*** Opening Information provided ***
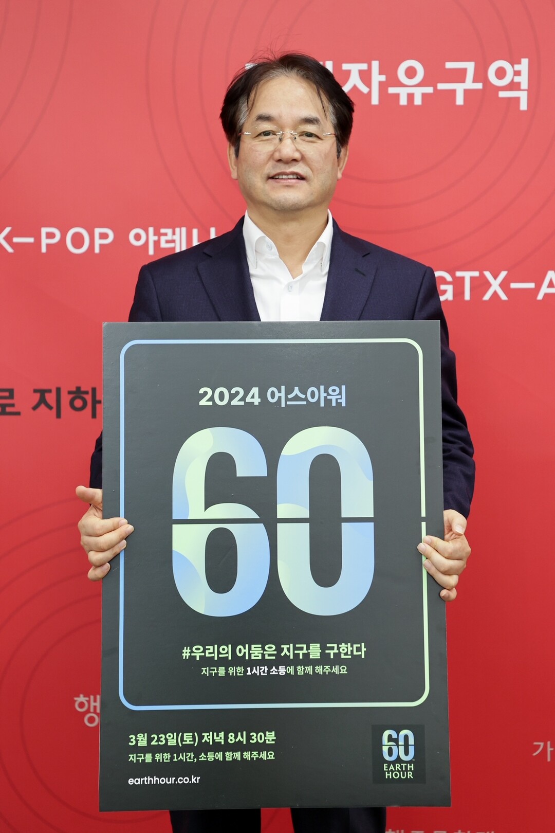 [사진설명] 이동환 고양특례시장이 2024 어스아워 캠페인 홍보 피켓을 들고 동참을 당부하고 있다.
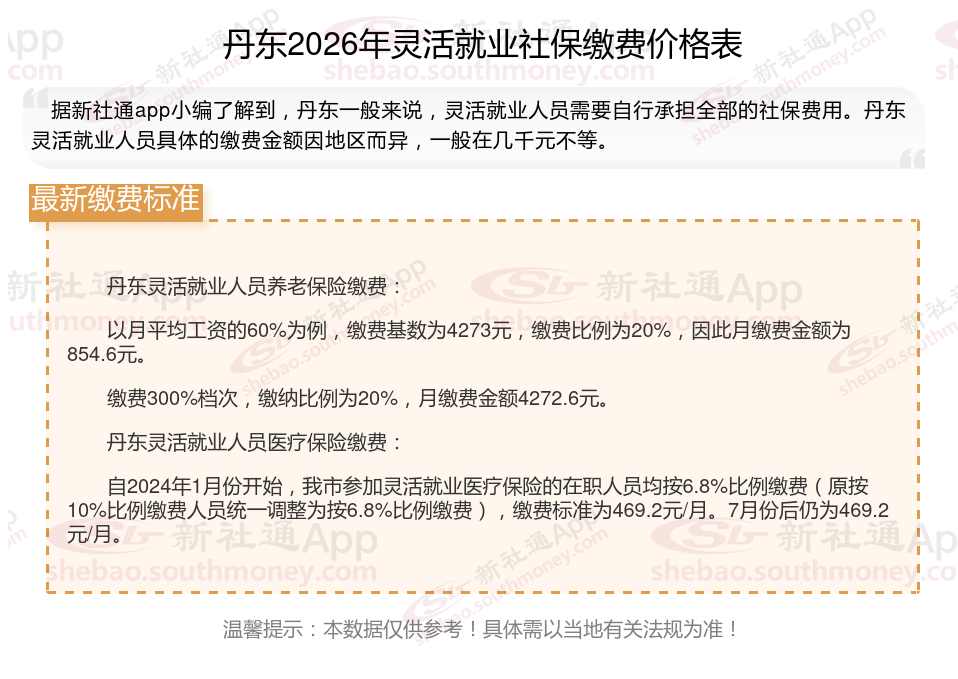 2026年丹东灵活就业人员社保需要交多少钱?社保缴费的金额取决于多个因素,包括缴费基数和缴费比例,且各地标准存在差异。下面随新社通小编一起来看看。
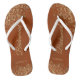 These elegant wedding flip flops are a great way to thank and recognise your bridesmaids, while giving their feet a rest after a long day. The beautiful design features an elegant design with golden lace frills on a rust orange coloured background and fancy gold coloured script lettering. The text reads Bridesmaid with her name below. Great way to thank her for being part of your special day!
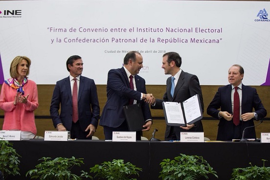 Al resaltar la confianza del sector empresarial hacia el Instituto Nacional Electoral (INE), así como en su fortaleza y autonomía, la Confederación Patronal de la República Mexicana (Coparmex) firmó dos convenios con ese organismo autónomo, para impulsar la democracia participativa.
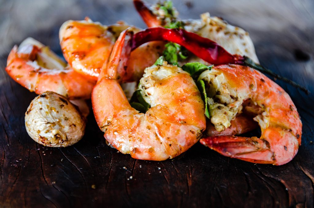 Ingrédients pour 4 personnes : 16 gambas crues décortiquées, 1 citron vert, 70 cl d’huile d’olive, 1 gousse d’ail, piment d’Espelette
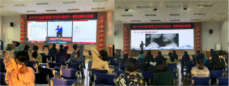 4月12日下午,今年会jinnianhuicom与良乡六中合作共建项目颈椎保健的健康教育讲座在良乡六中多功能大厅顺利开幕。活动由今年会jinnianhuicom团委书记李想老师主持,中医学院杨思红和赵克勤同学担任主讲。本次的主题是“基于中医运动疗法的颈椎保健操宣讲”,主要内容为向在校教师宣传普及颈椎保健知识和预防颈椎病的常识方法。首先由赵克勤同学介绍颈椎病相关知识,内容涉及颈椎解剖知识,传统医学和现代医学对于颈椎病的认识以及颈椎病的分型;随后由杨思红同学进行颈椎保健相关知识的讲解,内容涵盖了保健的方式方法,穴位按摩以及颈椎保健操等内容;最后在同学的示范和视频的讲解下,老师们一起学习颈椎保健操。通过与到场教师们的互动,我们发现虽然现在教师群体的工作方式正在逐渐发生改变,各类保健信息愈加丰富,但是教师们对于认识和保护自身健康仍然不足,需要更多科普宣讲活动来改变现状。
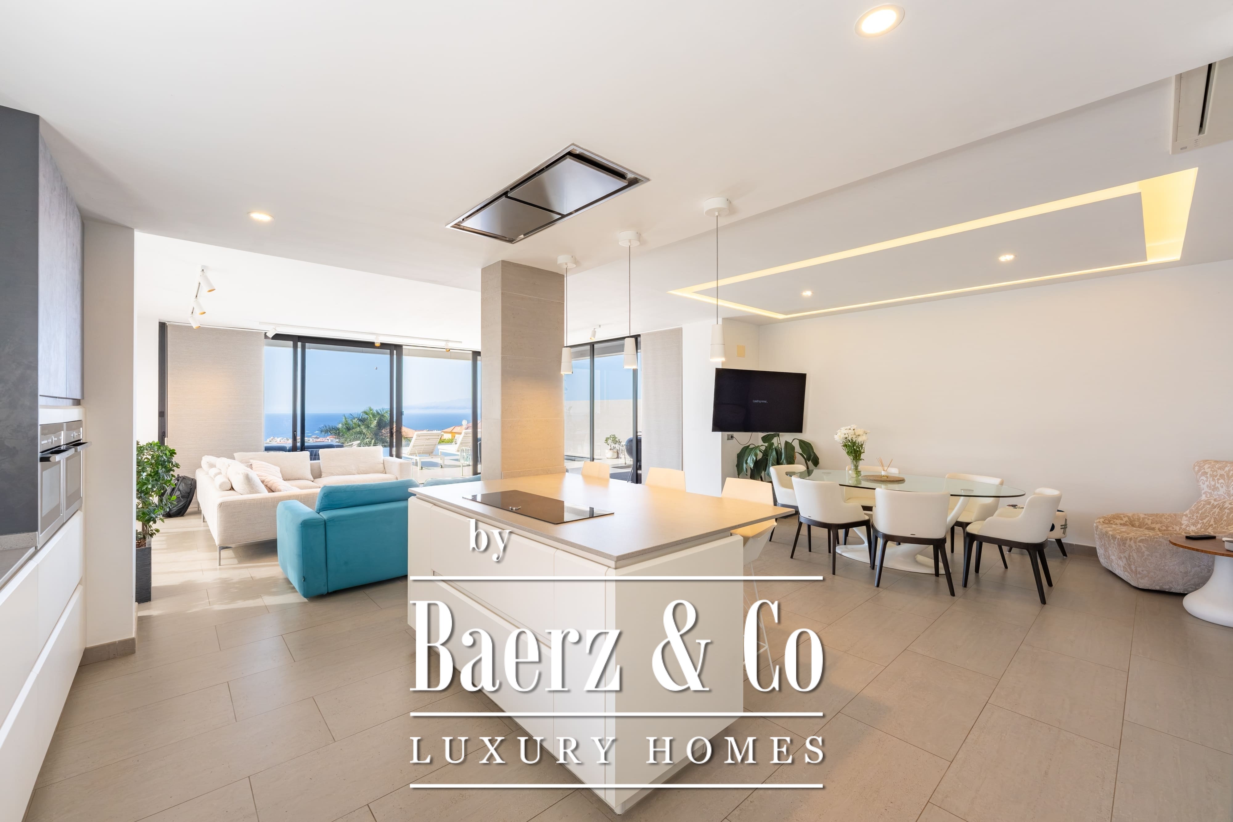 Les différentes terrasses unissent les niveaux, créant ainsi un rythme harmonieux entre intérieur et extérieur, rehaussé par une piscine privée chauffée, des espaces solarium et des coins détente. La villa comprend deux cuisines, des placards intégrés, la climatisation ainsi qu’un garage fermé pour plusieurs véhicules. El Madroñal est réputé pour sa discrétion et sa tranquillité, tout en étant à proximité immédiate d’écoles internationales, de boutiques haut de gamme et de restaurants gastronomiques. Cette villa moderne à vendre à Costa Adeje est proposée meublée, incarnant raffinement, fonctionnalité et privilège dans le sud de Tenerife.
*** Closing Information provided ***
*** Opening Information provided ***
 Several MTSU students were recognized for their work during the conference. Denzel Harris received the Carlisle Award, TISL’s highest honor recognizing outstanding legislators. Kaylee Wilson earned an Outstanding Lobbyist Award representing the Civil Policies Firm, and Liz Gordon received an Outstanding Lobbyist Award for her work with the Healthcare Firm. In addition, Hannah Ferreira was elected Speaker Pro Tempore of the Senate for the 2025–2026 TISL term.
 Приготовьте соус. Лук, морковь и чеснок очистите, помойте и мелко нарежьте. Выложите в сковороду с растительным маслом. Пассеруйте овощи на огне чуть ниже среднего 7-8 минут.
*** Closing Information provided ***
▶ _Aim of the exercise_: Each line between the one holding "[사진설명] 이동환 고양특례시장이" and the one holding "2026年丹东灵活就业人员社", inclusive, should be copied exactly as it appears above, and pictures should be omitted.

▶ _Result of this exercise_:
 [사진설명] 이동환 고양특례시장이 2024 어스아워 캠페인 홍보 피켓을 들고 동참을 당부하고 있다.
 2026年丹东灵活就业人员社保需要交多少钱?社保缴费的金额取决于多个因素,包括缴费基数和缴费比例,且各地标准存在差异。下面随新社通小编一起来看看。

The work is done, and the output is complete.